By ALAN SNEL
LVSportsBiz.com
It was the inaugural season for the Las Vegas Lights FC and the soccer team drew about 7,000 fans or so a game to its downtown home at Cashman Field in 2018 — a respectable attendance mark that was among the top 10 attendance in the United Soccer League.
But the Lights’ strong attendance came amid a topsy-turvy season of instability that included a high-profile coach who quit before the season ended and a soccer club that won only eight of its 34 games while losing 19 and tying another seven.
The season was known more for crazy antics than superior play on the pitch, from former coach Jose Luis Sanchez Sola smoking a cigarette with fans after he was tossed out of a home game to unconventional sponsor partnerships that included a downtown Las Vegas dispensary to a colorful goalie who make mad dashes up the field (and tackled an opponent, too).
So, owner Brett Lashbrook changed the narrative overnight this week when the upbeat Lights owner hired U.S. soccer icon Eric Wynalda, 49, to coach a team in dire need of stability after 39 players wore the club’s jersey this past season.

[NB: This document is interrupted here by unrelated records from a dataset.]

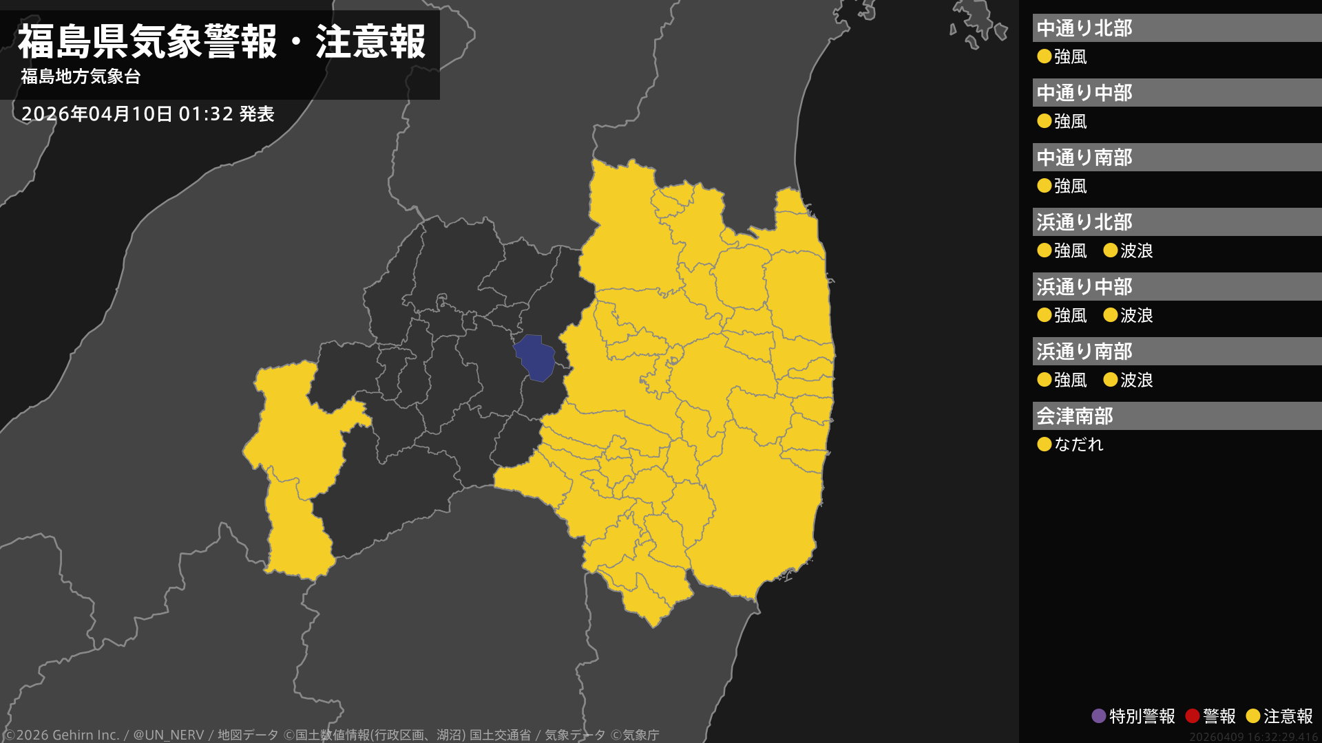 【福島県 気象警報・注意報 2026年04月10日 01:32】中通り、浜通りでは、強風に注意してください。浜通りでは、高波に注意してください。会津では、なだれに注意してください。#気象警報注意報 #福島県
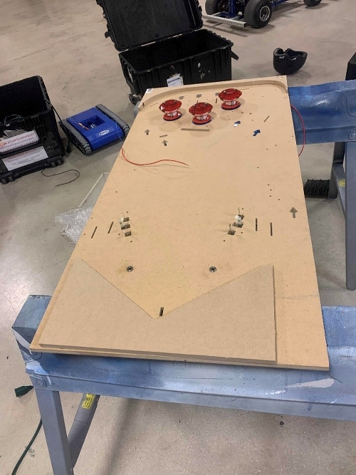 This week I have been focusing on combining all the elements that I have worked on separately together. As show below, I installed most of the game elements like the pop bumpers, the playfield arrow inserts, and the slingshots into the playfield. I also started milling out the borders that keep the ball in play.
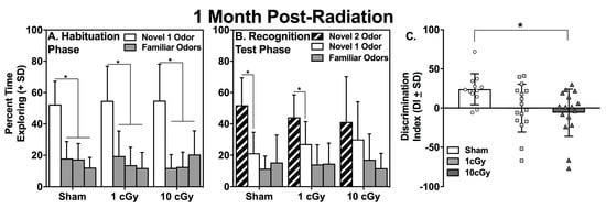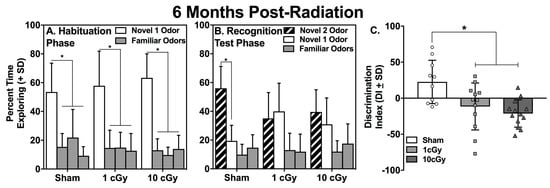 In order to address NASA’s questions regarding the effects of space radiation on humans, animal studies using charged particles, as opposed to electromagnetic radiation, are necessary. Even though HZE ions comprise a small portion of the total radiation dose hypothesized for an astronaut in deep space (~20–70 cGy), they are densely ionizing and produce distinct biological effects when compared to sparsely ionizing and low LET radiation, such as X-rays [,]. While numerous animal studies have shown that significant and long-term neurobehavioral impairments occur following exposure to protons and HZE ions [,,,,,,,,,,,,,], several cognitive domains important for astronaut health and well-being remain relatively unexplored. Social cognition is one such domain and is important for humans working in groups, especially in the confined and isolated environment of long-duration space flight. One of the most widely used tests to assess deficits in social cognition is the social preference/recognition memory test, where a subject rodent must differentiate between socially relevant objects (e.g., a live rodent and an inanimate object, two live rodents, or olfactory cues from different rodents) [,]. When allowed to freely explore these stimuli, rodents typically spend a greater percentage of time exploring novel stimuli during these tests and they also display a predictable pattern of habituation to these stimuli. For example, normal rodents interact more with an unfamiliar conspecific or the conspecific’s olfactory cues, as opposed to a familiar conspecific. There are several variations of this test, with the stimuli being live rodents or objects impregnated with the odors of conspecifics (e.g., soiled bedding, urine-soaked paper, wooden beads) []. We have used a variation of this test [,], termed the Social Odor Recognition Memory (SORM) test, where the subjects initially show exploration time differences between self-odors and a novel conspecific’s odor during “Habituation”, and an additional novel conspecific’s odor on the following “Recognition Test” [,,]. Decreased preference for the first novel odor on the latter Recognition Test, experienced during Habituation 24-h earlier, is indicative of a social recognition memory deficit.
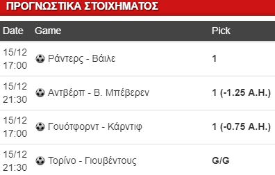 Επόμενη επιλογή από την Πρέμιερ Λιγκ και το παιχνίδι της Γουότφορντ με αντίπαλο την Κάρντιφ. Οι γηπεδούχοι δε διανύουν περίοδο φόρμας, έχουν χάσει σημαντικό έδαφος στην κατάταξη και θέλουν οπωσδήποτε να επανέλθουν στις επιτυχίες. Μετρούν μόλις μία νίκη στα τελευταία πέντε παιχνίδια εντός έδρας, όμως υπάρχει ελαφρυντικό ότι αντιμετώπισαν ομάδες όπως η Γιουνάιτεντ, η Λίβερπουλ, η Σίτι. Η Κάρντιφ έχει μόνο μία ισοπαλία σε επτά παιχνίδια ως φιλοξενούμενη. Άσος με χάντικαπ -0.75.
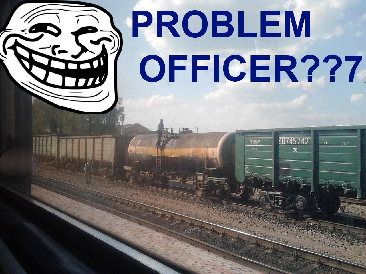 ВНЕЗАПНО краем глаза замечаю что на платформе снуют туда-сюда пара ментов и ещё одна жилетка (походу быдлан) (платформа кстати низкая) Я понимаю что эвакуироваться уже поздновато и изо всех сил вжимаюсь в крышу, стараясь не спалиться. Один мент залезает на полувагон: > "А! Вот он где!" Уже становится ясно что с живым грузом рашка никуда не поедет. Я быстро оцениваю обстановку и действую по принципу "Остаться на поезде любой ценой": слезаю в мв на бесплатформенную, > "Эй, ты куда, хуй?!", мгновенно прозефириваюсь (ра2, слава яйцам была старой модели с резиной, а не гармошкой), запиливаюсь в туалет и запираюсь там.
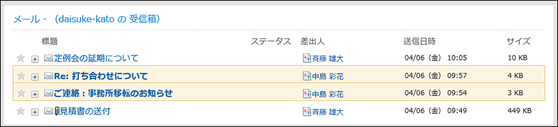 メールの一覧を表示するポートレットです。表示するアカウントやフォルダーを指定できます。
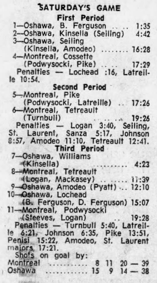 March 16 1972- Montreal @ Oshawa (7-1 Oshawa)

LVSportsBiz.com spoke with Wynalda Thursday morning about the changes that will be necessary to stabilize the young soccer club and strengthen a fan base. The highlights included:
^ Reaching out to suburban soccer clubs from Summerlin to the northwest valley to Henderson to get more white soccer moms to bring their kids to Lights games. The soccer team’s fans at its home games were about 70 percent Latino, but Lashbrook acknowledged during the season that the Lights had to do a better job at attracting the white suburban soccer fans, too.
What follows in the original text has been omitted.